As the days have passed, we’ve turned off alarm clocks and become reacquainted with our pillows.  The kids have rediscovered their love of Lego building, modeling clay and drawing comics.  We’ve replaced the wordsneed tohave to or must with the words feel likewant to or maybe. We’ve eaten lots of thick slices of French toast with strawberries and syrup and the cold sore on Tucker’s lip has finally cleared up.  We’ve played wiffle ball and taken lots of slow walks in the woods and watched the first Harry Potter movie during a big, loud thunderstorm.

I planned to take the kids to the coast or into Boston to the science museum, but even traveling just over an hour from home somehow seems too far.

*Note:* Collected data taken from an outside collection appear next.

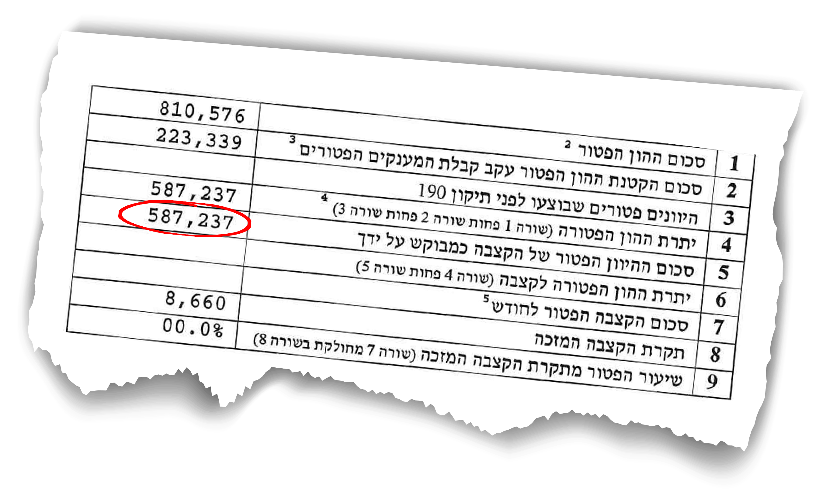 | סכומים נזילים | 0 | 900 אלף ₪ חייב במס |
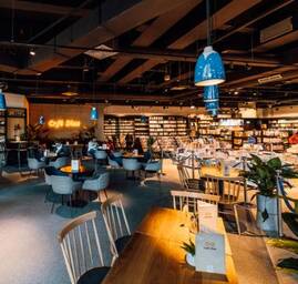 Káva, kávové nápoje, horúce čokolády, alko a nealko, vína, pivo, limonády a zákusky.
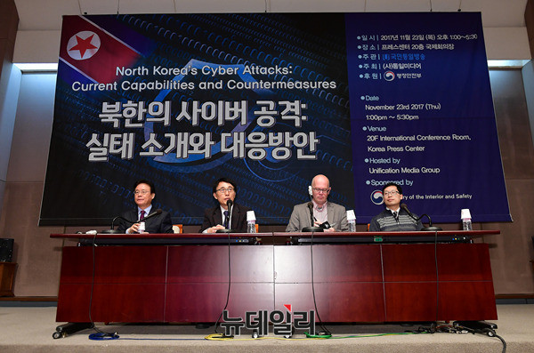 사단법인 통일미디어가 23일 오후 서울 중구 한국프레스센터에서 '북한의 사이버공격: 실태 소개와 대응방안'을 주제로 국제회의를 열고 "북한은 사이버공간과 우리 법제 허점을 최대한 활용해 사이버공격을 전개하고 있다"고 밝혔다. 회의에선 "국민들의 적극적인 관심과 정부의 전략적인 사이버안보 대책 마련이 절실하다"는 의견이 쏟아졌다.

Our big outing yesterday was to the local diner in the next town over. After the kids devoured their chocolate chip pancakes, we wandered around town and discovered a park tucked behind the main street. We followed the path that wanders along the river and dropped in leaves to watch them float down stream. We even caught a glimpse of a beaver running along the opposite shore.

We walked to the town green, and I snapped pictures of the kids sitting on benches next to the bronzed statues of children that we’d never even noticed before. I wondered if the statues were new, but realized we usually cross the green to the chant of Let’s goCome on or Hurry as we run in to pick up take out or cross some other errand of our list.

As the kids posed for the photos, Andie said, “Mom, we’re like those people who travel somewhere and take lots of pictures.”

“Tourists?” I asked.

“Yeah, tourists,” she said.

And I realized she was right. We are tourists, finally discovering this whole new world that’s been hidden right in front of us, waiting for us to slow down enough to see it.